(Source data Opens)
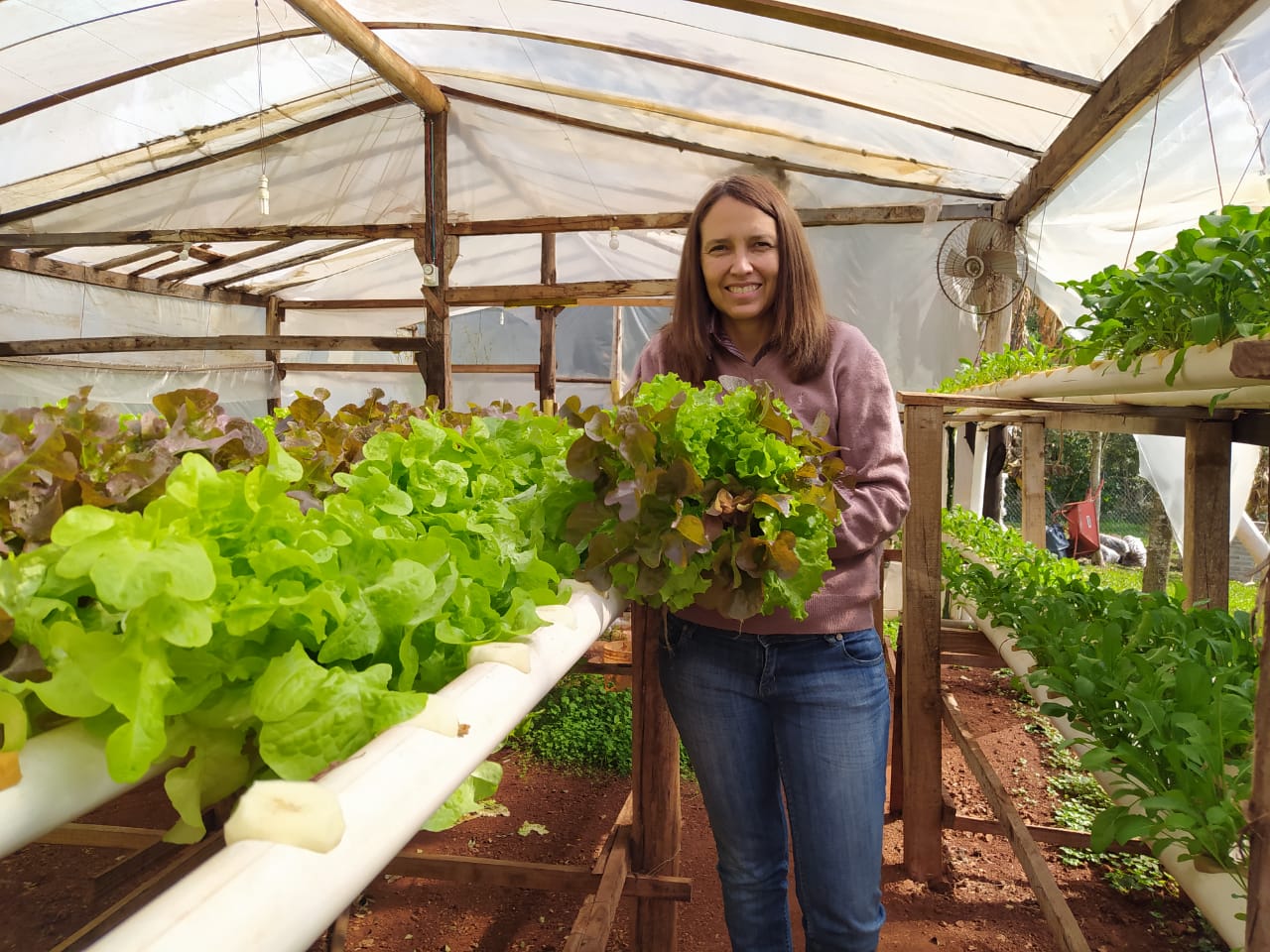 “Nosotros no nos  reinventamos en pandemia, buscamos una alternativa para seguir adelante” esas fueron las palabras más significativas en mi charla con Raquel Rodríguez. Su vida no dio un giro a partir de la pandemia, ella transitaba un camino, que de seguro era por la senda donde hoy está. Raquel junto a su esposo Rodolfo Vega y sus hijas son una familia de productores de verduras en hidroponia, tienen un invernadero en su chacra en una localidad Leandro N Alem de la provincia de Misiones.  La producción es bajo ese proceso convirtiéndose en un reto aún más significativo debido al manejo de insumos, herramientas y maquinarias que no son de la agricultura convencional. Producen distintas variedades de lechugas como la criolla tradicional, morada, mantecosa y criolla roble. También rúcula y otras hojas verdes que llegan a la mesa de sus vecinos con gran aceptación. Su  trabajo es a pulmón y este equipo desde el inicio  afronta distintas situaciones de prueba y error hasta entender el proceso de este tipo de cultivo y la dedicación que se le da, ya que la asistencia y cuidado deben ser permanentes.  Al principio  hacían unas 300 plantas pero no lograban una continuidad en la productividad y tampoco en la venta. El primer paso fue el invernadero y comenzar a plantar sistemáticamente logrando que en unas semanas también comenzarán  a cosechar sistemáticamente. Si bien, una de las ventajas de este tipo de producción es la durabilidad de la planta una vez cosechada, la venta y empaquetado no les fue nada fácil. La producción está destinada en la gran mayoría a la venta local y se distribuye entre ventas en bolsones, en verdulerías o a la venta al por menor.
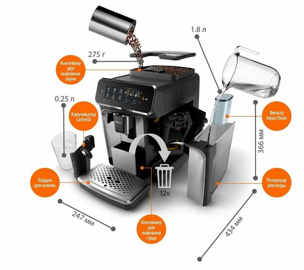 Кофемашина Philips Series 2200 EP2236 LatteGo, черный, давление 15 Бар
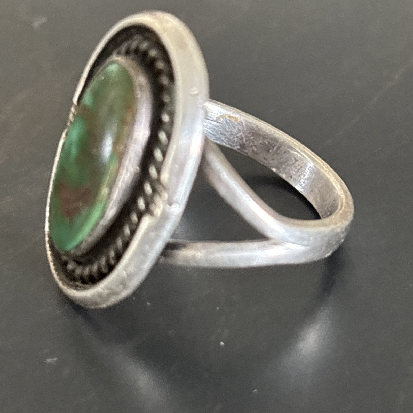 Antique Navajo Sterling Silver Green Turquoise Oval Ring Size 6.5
(Source data Closes)
Requirement =>
Copy each line of the listing exactly, skipping any picture.

Finished task =>
 “Nosotros no nos  reinventamos en pandemia, buscamos una alternativa para seguir adelante” esas fueron las palabras más significativas en mi charla con Raquel Rodríguez. Su vida no dio un giro a partir de la pandemia, ella transitaba un camino, que de seguro era por la senda donde hoy está. Raquel junto a su esposo Rodolfo Vega y sus hijas son una familia de productores de verduras en hidroponia, tienen un invernadero en su chacra en una localidad Leandro N Alem de la provincia de Misiones.  La producción es bajo ese proceso convirtiéndose en un reto aún más significativo debido al manejo de insumos, herramientas y maquinarias que no son de la agricultura convencional. Producen distintas variedades de lechugas como la criolla tradicional, morada, mantecosa y criolla roble. También rúcula y otras hojas verdes que llegan a la mesa de sus vecinos con gran aceptación. Su  trabajo es a pulmón y este equipo desde el inicio  afronta distintas situaciones de prueba y error hasta entender el proceso de este tipo de cultivo y la dedicación que se le da, ya que la asistencia y cuidado deben ser permanentes.  Al principio  hacían unas 300 plantas pero no lograban una continuidad en la productividad y tampoco en la venta. El primer paso fue el invernadero y comenzar a plantar sistemáticamente logrando que en unas semanas también comenzarán  a cosechar sistemáticamente. Si bien, una de las ventajas de este tipo de producción es la durabilidad de la planta una vez cosechada, la venta y empaquetado no les fue nada fácil. La producción está destinada en la gran mayoría a la venta local y se distribuye entre ventas en bolsones, en verdulerías o a la venta al por menor.
 Кофемашина Philips Series 2200 EP2236 LatteGo, черный, давление 15 Бар
 Antique Navajo Sterling Silver Green Turquoise Oval Ring Size 6.5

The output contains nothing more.